1 The proportion of carbon emissions varies by industry and individual businesses; CDP’s Global Supply Chain Report 2020, based on reports by 8,033 suppliers, found that “supply chain emissions are on average 11.4 times higher than operational emissions.” Put differently, CDP found that, on average, 92% of emissions are attributable to the supply chain (Scope 3) while 8% are attributable to operations.
2 The ESG (environmental, social and governance) and climate reporting standards described in this blog post are developed by varied and diverse sources, that are generally based on multi-stakeholder partnerships between accounting standard-setting bodies/experts, civil society and industry. CDP is a non-profit organisation that develops disclosure questionnaires in consultation with other stakeholders. The SASB Standards, Integrated Reporting Framework and CDSB Framework have been consolidated into a new International Sustainability Standards Board (ISSB) as part of an effort to reduce the number of global standards.
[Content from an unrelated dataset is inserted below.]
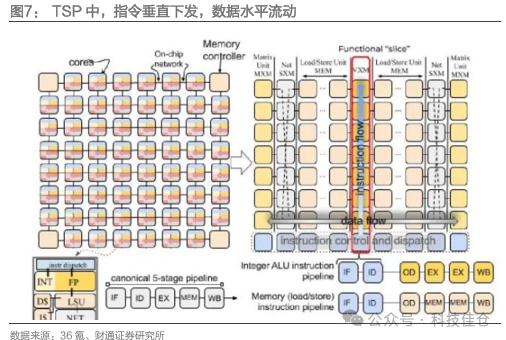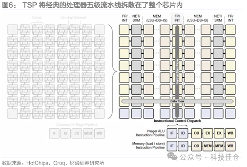 图6:TSP将经典的处理器五级流水线拆散在了整个芯片内

We do not include the ISSB’s proposed standard on climate-related disclosures within the standards described in this paragraph, as the ISSB’s proposed standards are still under consultation and have yet to be finalised.
3 https://sciencebasedtargets.org/
4 The New York Fashion Bill will be discussed in the second blog post in this series.
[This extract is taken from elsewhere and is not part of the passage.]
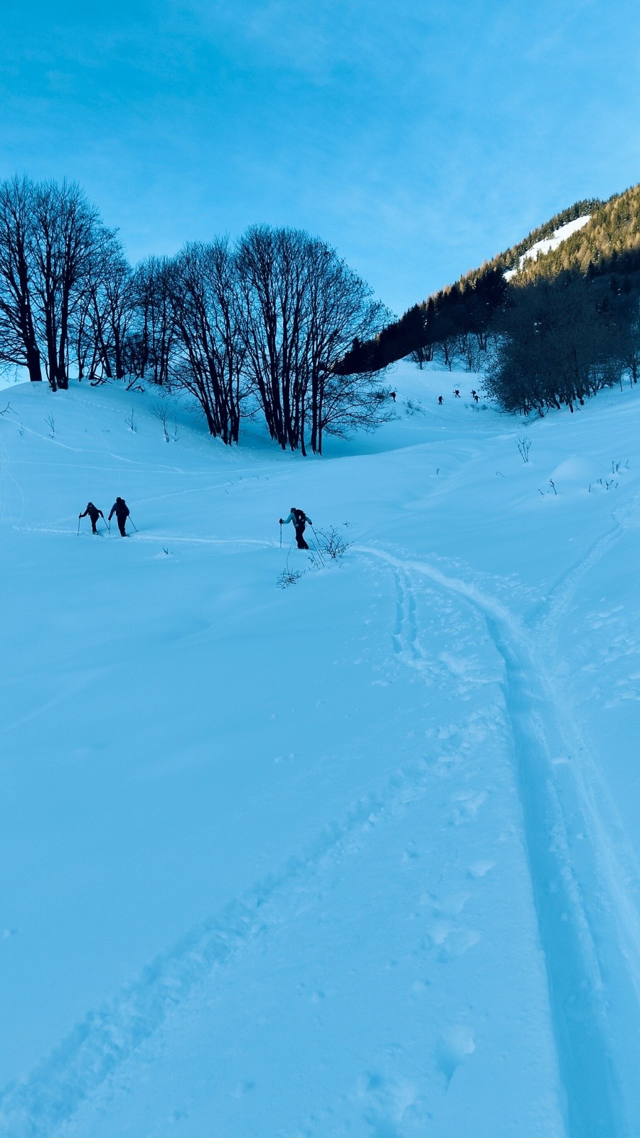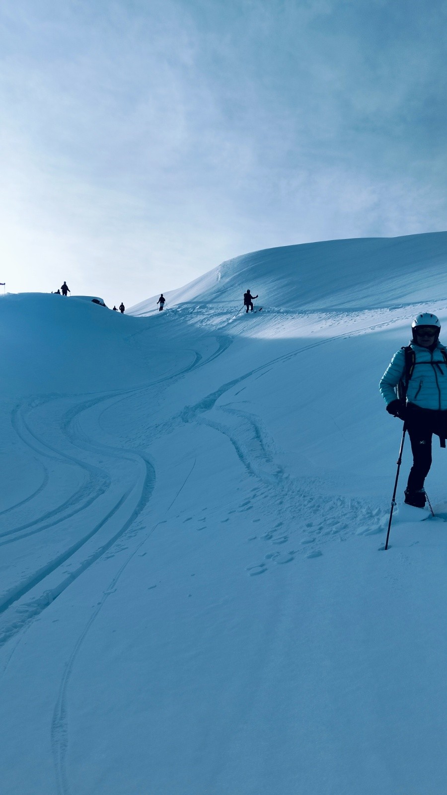 Combe des plans tracée , sans doute de la veille, très peu de traces de descentes.

5 Note that this proposed legislation still needs to be passed by the lower house and signed into law by the Governor (by 30 September 2022 for the 2022 legislative session). It also remains to be seen whether the proposed legislation will survive a constitutional challenge before the U.S. Supreme Court under the Dormant Commerce Clause theory that states may not usurp the federal Congress’ power to regulate interstate commerce, or a First Amendment challenge that the proposed legislation would require “compelled speech” from companies.
6 The U.S. Securities and Exchange Commission has also proposed rules that would require U.S. and foreign companies that are publicly listed on U.S. stock exchanges to make climate-related disclosures, including disclosures on Scope 3 emissions, but this rule is opposed by large industry groups such as the US Chamber of Commerce as well as Republicans, and will likely be subject to legal challenges. Cf. The U.S. Supreme Court’s decision in West Virginia v. Environmental Protection Agency (EPA) finding that the US EPA may not make a rule on a “major question” of “vast economic and political significance” without “clear congressional authorization”.
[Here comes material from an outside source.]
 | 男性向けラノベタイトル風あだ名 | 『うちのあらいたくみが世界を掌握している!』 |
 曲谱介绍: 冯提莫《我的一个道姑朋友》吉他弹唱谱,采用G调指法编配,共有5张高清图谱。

7 The CSR Directive is likely to pass this year.
8 The proposed legislation does not specify a level of ambition for the emissions reduction objectives.
9 The UN Special Rapporteur on Human Rights and the Environment David Boyd has noted that non-compliance with the climate obligations specified within the draft CSDD Directive may not result in any penalty because they are not included within the core due diligence duties that may result in civil liability.